Exercise data
:::

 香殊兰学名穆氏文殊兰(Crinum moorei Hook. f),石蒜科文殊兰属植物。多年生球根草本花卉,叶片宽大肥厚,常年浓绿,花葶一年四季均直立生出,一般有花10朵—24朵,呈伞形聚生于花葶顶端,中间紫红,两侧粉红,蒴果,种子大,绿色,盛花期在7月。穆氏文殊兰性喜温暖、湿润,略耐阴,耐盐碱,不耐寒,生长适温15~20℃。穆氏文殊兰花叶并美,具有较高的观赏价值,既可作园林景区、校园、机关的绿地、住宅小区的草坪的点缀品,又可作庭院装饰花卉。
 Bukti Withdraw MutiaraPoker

:::

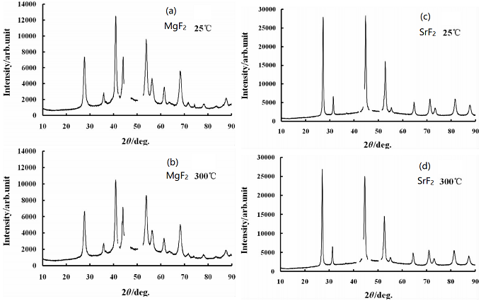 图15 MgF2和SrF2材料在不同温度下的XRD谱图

:::

Assignment
Above are records; repeat only the lines starting at the line with "香殊兰学名穆氏文殊兰(Crinum moorei Hook." and ending at the line with "Bukti Withdraw MutiaraPoker", exactly as they appear, both included.

Answer to this task
 香殊兰学名穆氏文殊兰(Crinum moorei Hook. f),石蒜科文殊兰属植物。多年生球根草本花卉,叶片宽大肥厚,常年浓绿,花葶一年四季均直立生出,一般有花10朵—24朵,呈伞形聚生于花葶顶端,中间紫红,两侧粉红,蒴果,种子大,绿色,盛花期在7月。穆氏文殊兰性喜温暖、湿润,略耐阴,耐盐碱,不耐寒,生长适温15~20℃。穆氏文殊兰花叶并美,具有较高的观赏价值,既可作园林景区、校园、机关的绿地、住宅小区的草坪的点缀品,又可作庭院装饰花卉。
 Bukti Withdraw MutiaraPoker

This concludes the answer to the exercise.